Parce qu'Elena Cross ne se plaint pas. Elena Cross encaisse. Elena Cross sourit et fait comme si de rien n'était.
Cette nuit-là, elle avait pleuré dans la salle de bains, la tête sous l'eau pour qu'il n'entende pas.
Et le lendemain matin, elle avait préparé son petit-déjeuner comme si de rien n'était.
La veille du troisième anniversaire
Le soleil se levait à peine quand Elena avait entendu Nathaniel parler au téléphone.
Elle ne devait pas écouter. Elle le savait. Mais elle n'avait pas pu s'empêcher.
— Je vais le faire demain. Oui. Elle signera.
Sa voix était calme. Professionnelle. Comme s'il parlait d'une acquisition ou d'une restructuration.
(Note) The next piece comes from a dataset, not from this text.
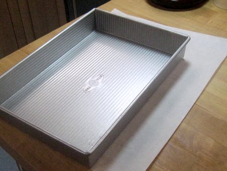 You'll need a parchment-lined sheet or pan to put the ice cream scoops on in the freezer. Our freezer here is quite full at the moment, so I opted for a 9” x 13” pan. Set it on the parchment and trace with a pencil to get the correct size to line the bottom of the pan. Cut with your trusty safety scissors.
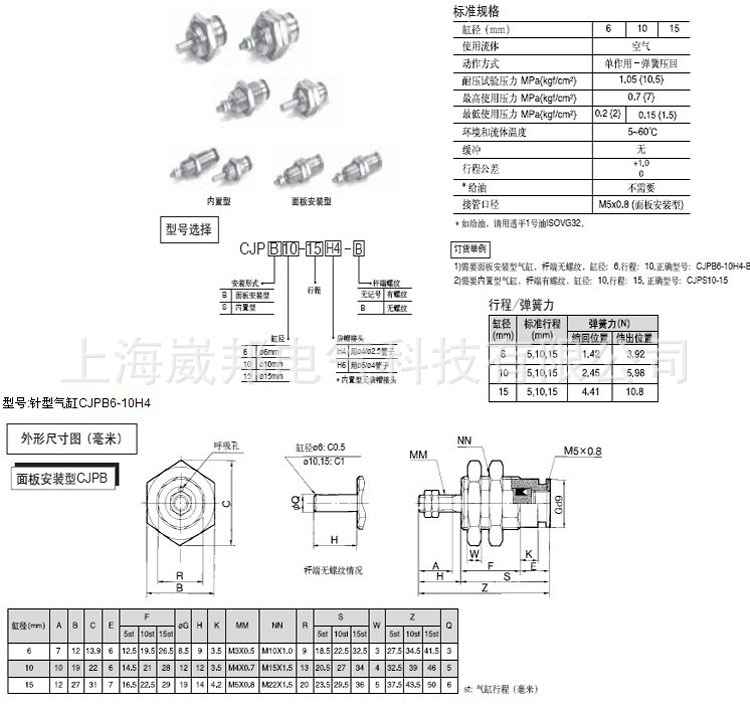 CJPB针型气缸 SMC针型缸 单作用气缸 面板安装气缸 埋入型安装

Pas d'un divorce. Pas de la fin d'une histoire.
— Victoria, calme-toi. Je te promets que tout sera réglé.
Victoria.
Le prénom tomba comme une douche glacée.
Elena resta figée dans l'encadrement de la porte, pieds nus sur le parquet froid. Elle aurait dû entrer. Crier. Pleurer. Lui jeter à la figure toutes ces années de sacrifices.
Elle ne fit rien.
Elle retourna dans la cuisine, prépara le café, et quand Nathaniel descendit dix minutes plus tard, elle lui sourit.
Ce sourire.
Toujours ce sourire.
— Tu as bien dormi ?
Il la regarda à peine.
— Oui. Ce soir, on dîne ensemble. J'ai quelque chose à te dire.
Elle hocha la tête.
— D'accord. Je préparerai quelque chose de spécial.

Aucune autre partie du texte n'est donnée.